══ RECORDS FOR THE EXERCISE ══

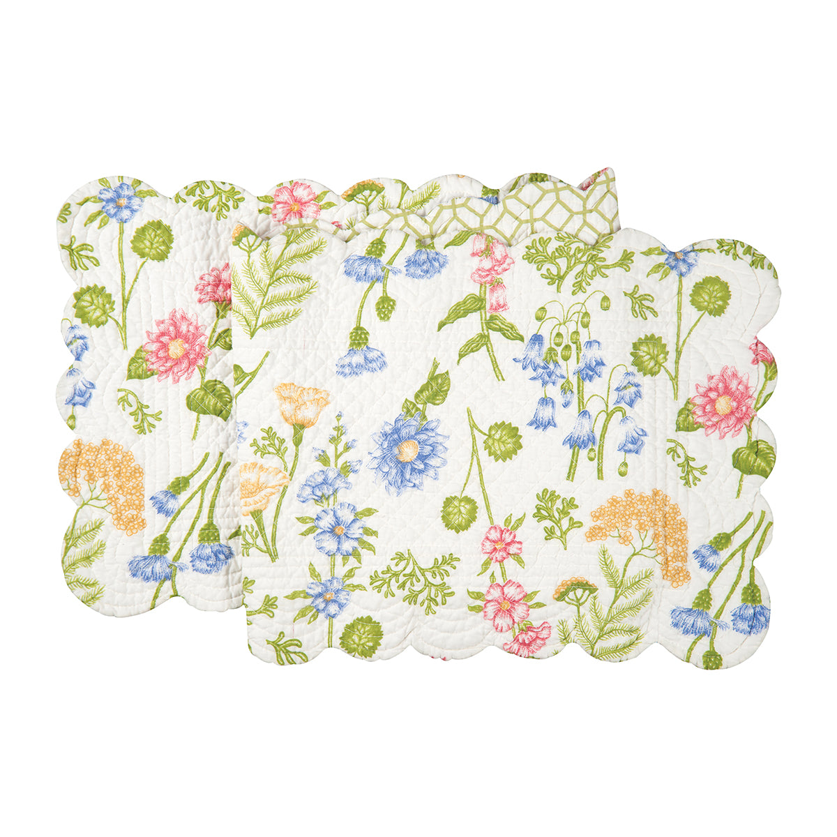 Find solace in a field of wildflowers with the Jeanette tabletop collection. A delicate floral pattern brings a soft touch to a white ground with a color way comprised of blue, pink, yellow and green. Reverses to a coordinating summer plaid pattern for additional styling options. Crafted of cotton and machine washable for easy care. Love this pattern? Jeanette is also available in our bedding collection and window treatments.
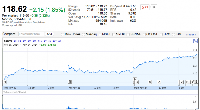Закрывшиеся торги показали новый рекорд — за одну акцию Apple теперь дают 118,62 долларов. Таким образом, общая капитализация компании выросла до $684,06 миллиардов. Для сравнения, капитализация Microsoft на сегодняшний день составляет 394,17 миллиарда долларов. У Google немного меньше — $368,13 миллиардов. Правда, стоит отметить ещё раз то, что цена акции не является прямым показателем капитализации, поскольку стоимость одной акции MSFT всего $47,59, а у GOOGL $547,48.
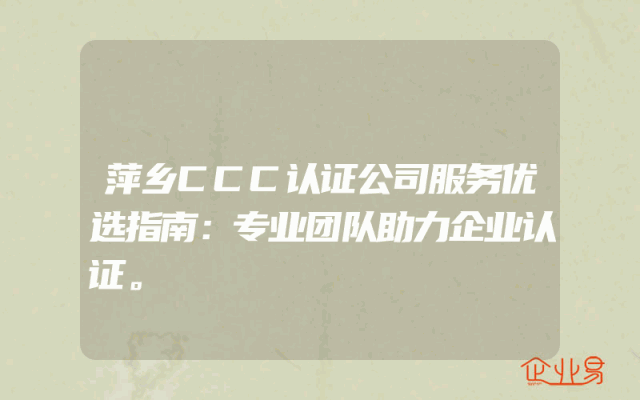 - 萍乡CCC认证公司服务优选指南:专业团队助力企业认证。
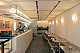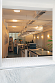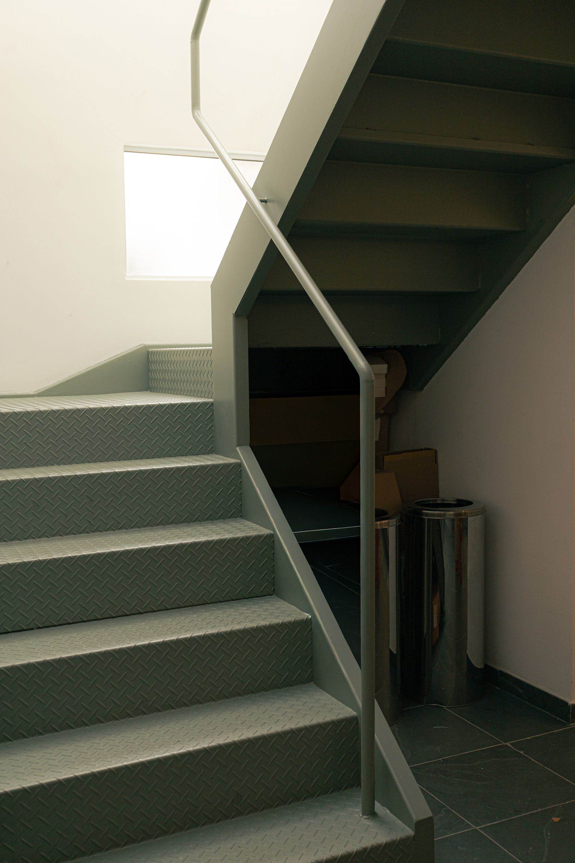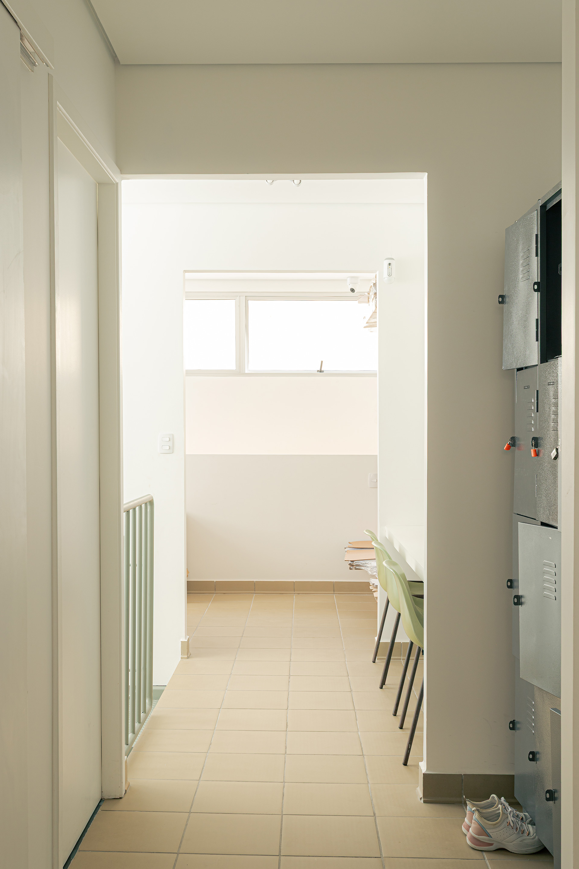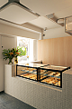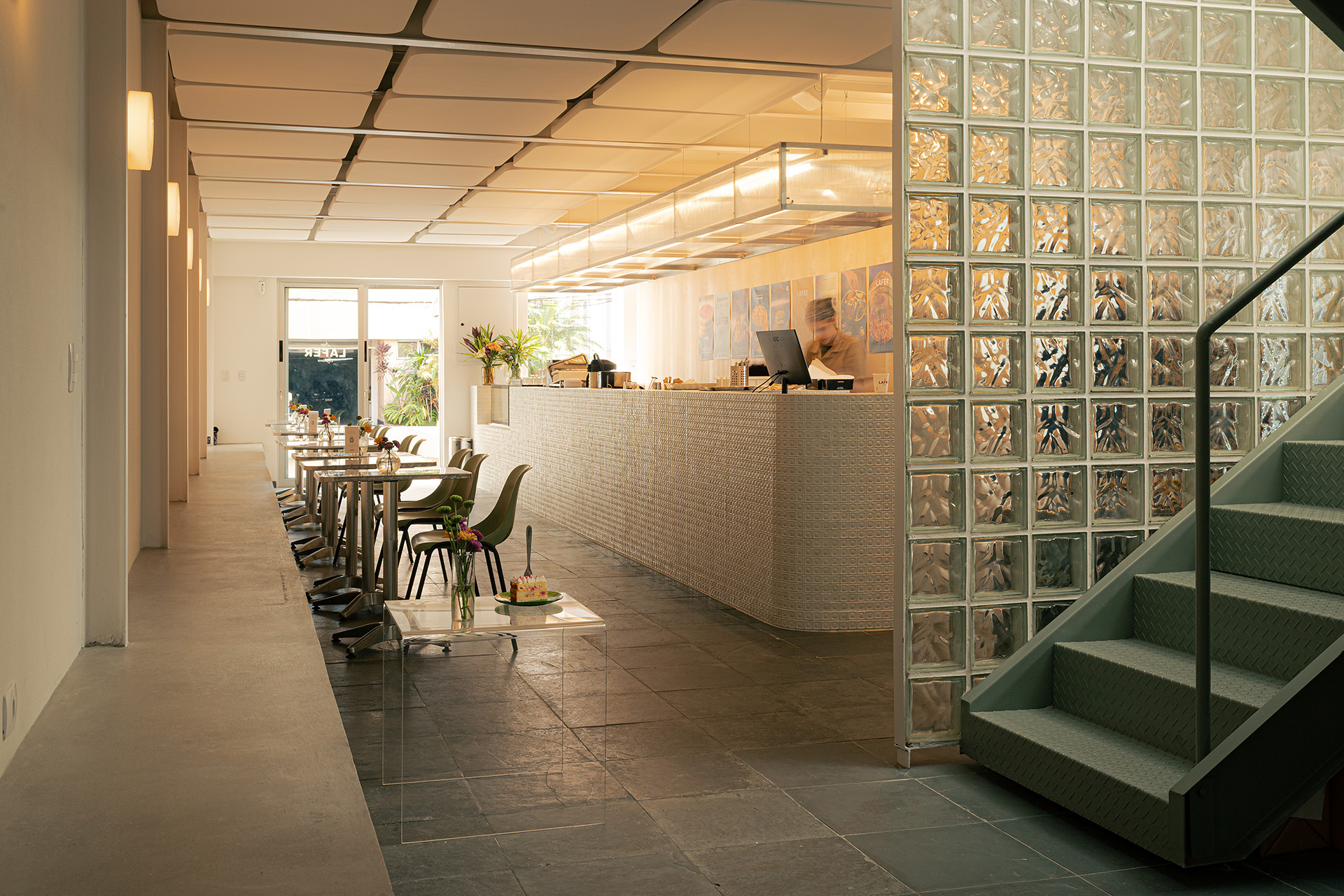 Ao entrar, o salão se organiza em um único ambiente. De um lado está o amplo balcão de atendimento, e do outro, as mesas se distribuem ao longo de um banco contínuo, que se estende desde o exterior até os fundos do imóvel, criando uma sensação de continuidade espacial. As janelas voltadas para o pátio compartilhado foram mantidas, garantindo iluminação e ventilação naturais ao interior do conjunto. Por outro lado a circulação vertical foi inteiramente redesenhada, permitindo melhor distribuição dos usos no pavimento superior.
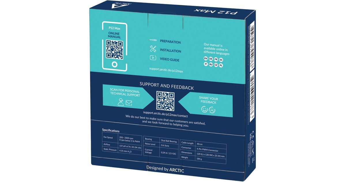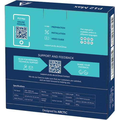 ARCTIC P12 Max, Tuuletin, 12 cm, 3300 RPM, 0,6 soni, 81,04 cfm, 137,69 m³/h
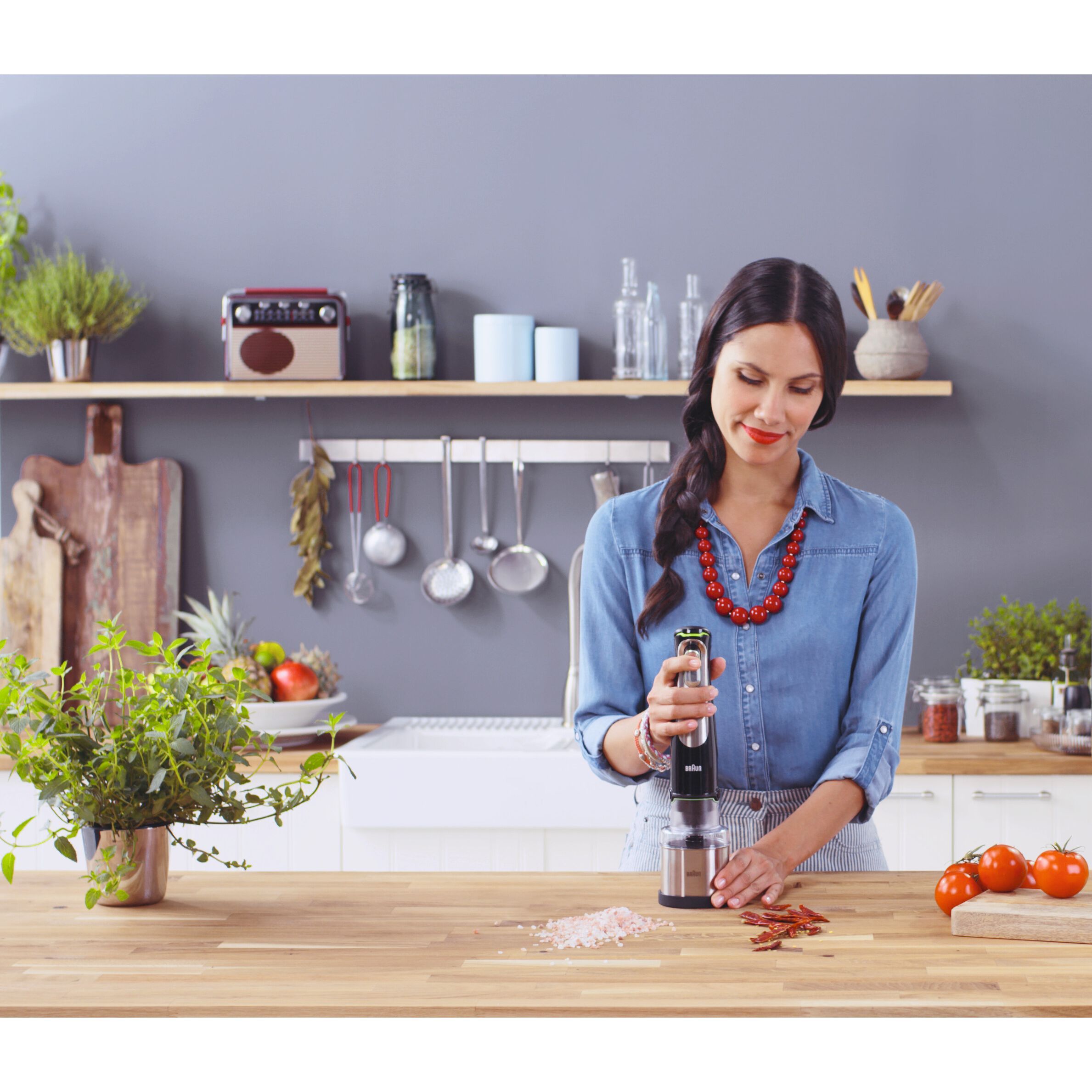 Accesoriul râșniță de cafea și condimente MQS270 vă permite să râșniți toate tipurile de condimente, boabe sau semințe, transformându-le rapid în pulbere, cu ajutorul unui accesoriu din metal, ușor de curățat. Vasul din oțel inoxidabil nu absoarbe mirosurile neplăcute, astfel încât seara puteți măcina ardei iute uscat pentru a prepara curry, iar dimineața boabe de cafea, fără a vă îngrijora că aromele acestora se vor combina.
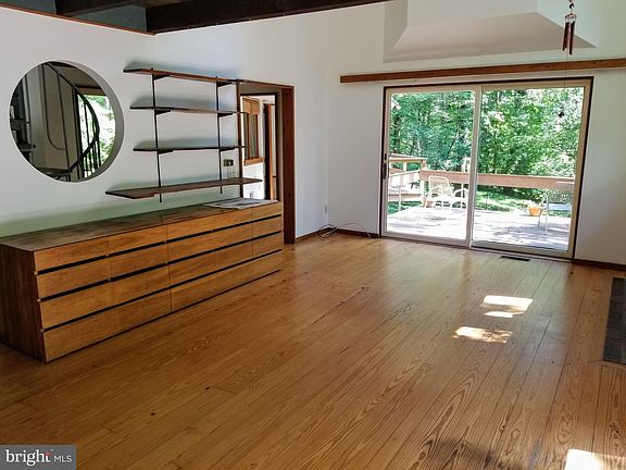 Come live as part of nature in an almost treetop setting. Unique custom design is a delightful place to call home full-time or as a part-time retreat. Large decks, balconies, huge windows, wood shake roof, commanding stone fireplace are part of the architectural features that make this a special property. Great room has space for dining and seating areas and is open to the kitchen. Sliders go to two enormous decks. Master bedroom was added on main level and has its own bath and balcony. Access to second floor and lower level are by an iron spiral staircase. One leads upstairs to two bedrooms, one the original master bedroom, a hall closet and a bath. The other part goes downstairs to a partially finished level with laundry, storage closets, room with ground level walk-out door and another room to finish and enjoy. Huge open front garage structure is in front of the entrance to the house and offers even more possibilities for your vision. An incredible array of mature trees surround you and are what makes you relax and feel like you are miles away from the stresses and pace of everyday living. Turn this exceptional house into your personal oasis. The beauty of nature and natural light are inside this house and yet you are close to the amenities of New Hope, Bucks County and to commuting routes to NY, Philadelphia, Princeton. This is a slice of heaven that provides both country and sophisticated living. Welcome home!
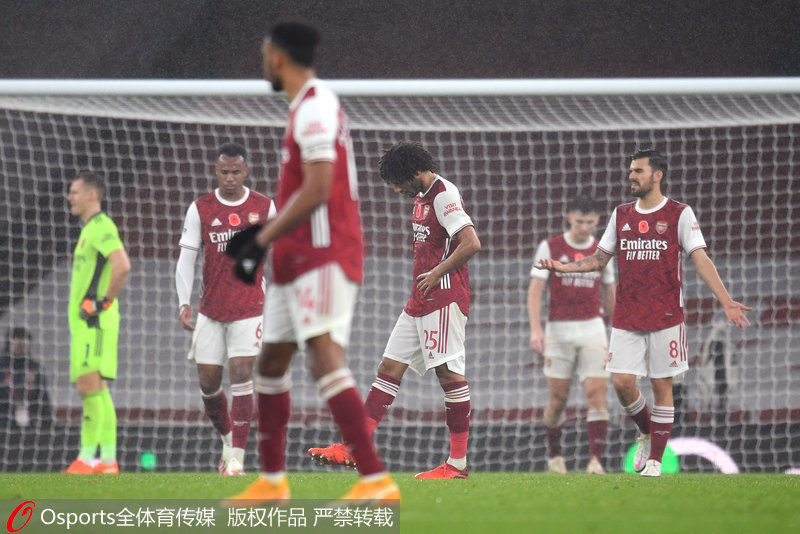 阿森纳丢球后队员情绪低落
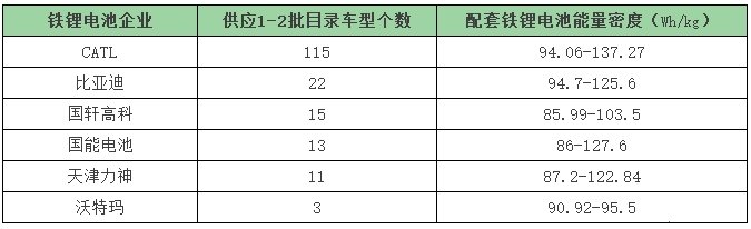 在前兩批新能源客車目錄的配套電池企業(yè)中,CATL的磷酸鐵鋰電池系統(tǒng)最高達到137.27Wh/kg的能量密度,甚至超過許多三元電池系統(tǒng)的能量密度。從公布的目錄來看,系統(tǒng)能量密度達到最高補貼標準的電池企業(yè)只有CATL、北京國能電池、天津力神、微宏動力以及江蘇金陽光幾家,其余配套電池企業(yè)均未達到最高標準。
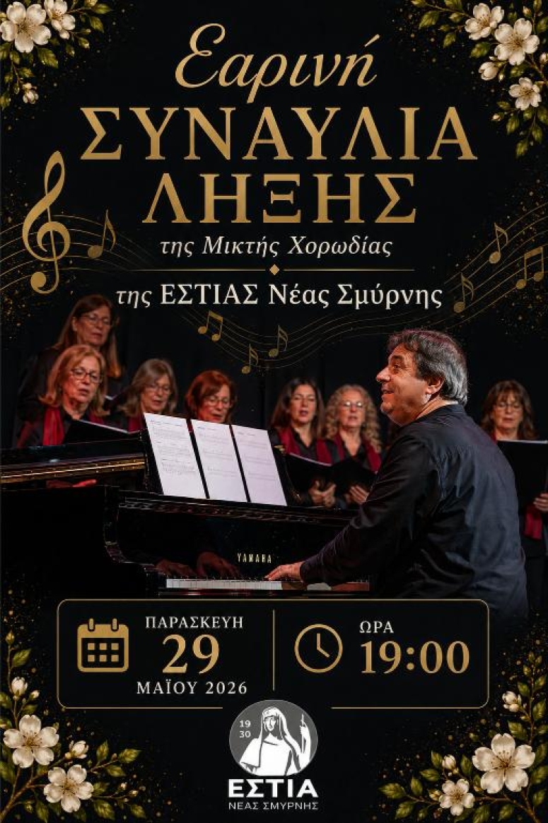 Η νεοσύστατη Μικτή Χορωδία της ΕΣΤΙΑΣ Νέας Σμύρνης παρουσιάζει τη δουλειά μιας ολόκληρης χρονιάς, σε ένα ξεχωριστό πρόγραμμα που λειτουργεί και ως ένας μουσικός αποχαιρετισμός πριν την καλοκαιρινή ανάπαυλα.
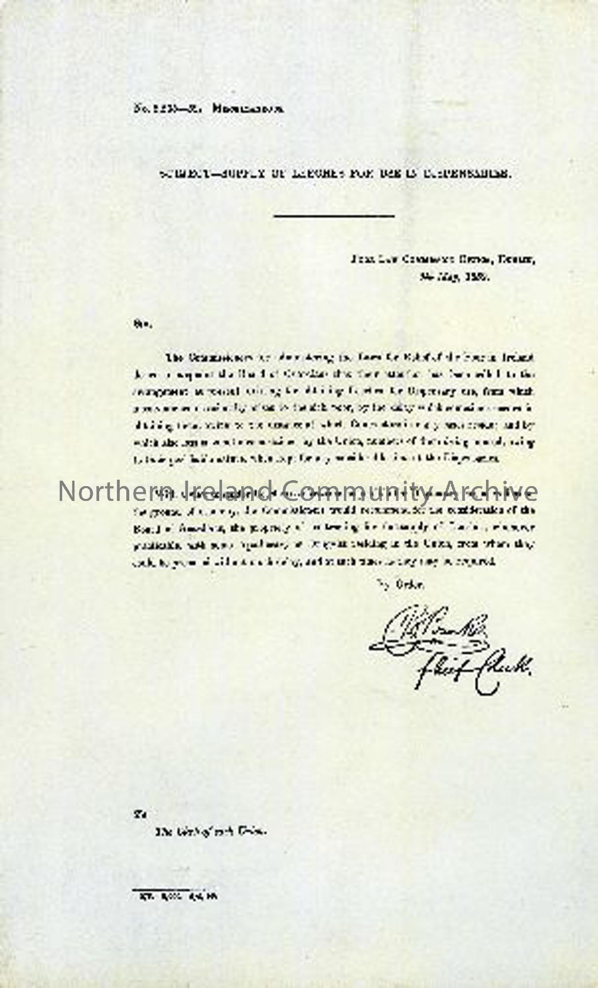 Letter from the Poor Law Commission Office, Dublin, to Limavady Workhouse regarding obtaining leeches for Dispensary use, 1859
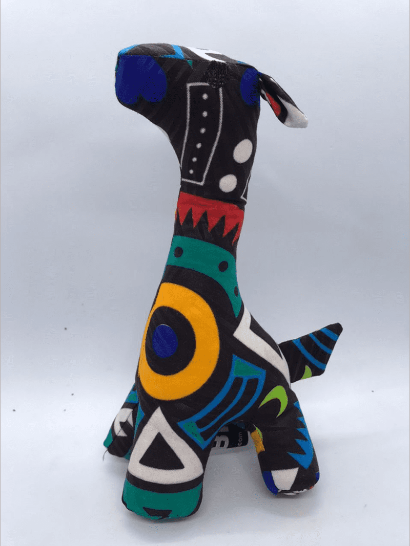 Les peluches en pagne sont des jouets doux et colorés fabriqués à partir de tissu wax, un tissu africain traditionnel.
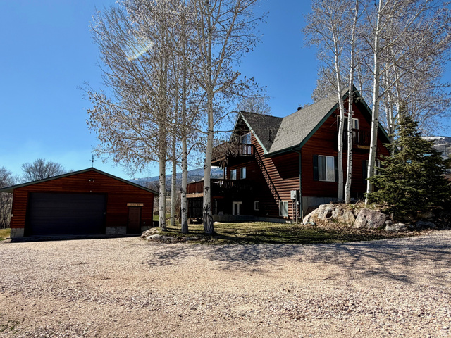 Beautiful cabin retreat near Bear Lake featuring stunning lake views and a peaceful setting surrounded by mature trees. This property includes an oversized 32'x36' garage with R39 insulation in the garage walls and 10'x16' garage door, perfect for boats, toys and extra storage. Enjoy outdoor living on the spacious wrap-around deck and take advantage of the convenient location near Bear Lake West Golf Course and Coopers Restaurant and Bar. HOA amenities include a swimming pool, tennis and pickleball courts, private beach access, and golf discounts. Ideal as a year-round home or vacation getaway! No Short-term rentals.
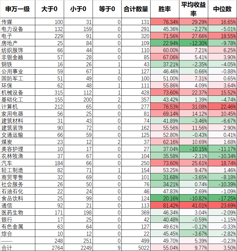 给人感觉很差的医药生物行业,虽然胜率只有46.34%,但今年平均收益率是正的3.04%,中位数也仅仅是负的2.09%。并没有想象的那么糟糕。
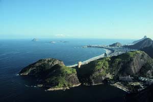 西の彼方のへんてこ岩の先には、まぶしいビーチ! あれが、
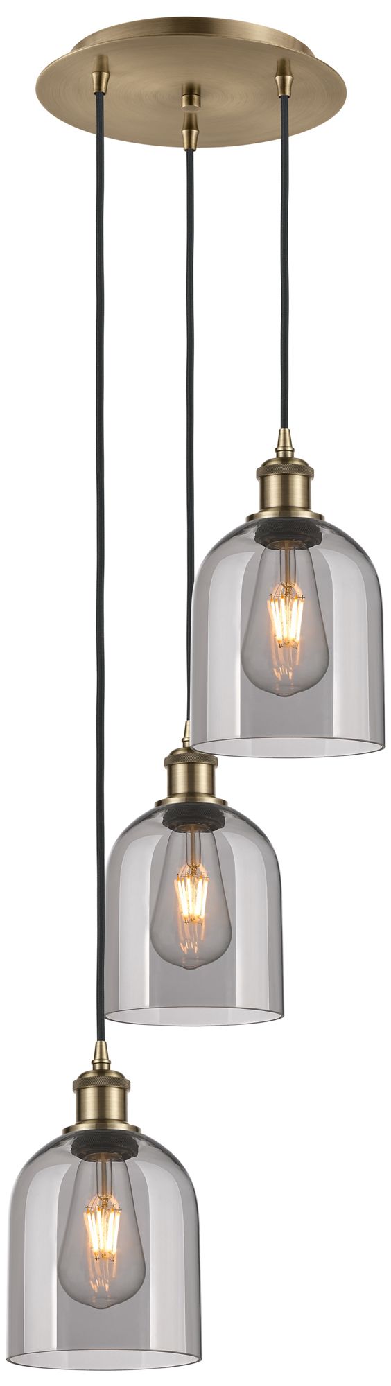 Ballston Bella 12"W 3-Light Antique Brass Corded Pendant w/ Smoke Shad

═══

ABOUT THIS TASK: Among the records above, locate the line containing "Закрывшиеся торги показали" and the line containing "- 萍乡CCC认证公司服务优选指南:专业团队助力企业认证。", then transcribe exactly the lines starting at the first and ending at the second, with no pictures.

RESULT:
Закрывшиеся торги показали новый рекорд — за одну акцию Apple теперь дают 118,62 долларов. Таким образом, общая капитализация компании выросла до $684,06 миллиардов. Для сравнения, капитализация Microsoft на сегодняшний день составляет 394,17 миллиарда долларов. У Google немного меньше — $368,13 миллиардов. Правда, стоит отметить ещё раз то, что цена акции не является прямым показателем капитализации, поскольку стоимость одной акции MSFT всего $47,59, а у GOOGL $547,48.
 - 萍乡CCC认证公司服务优选指南:专业团队助力企业认证。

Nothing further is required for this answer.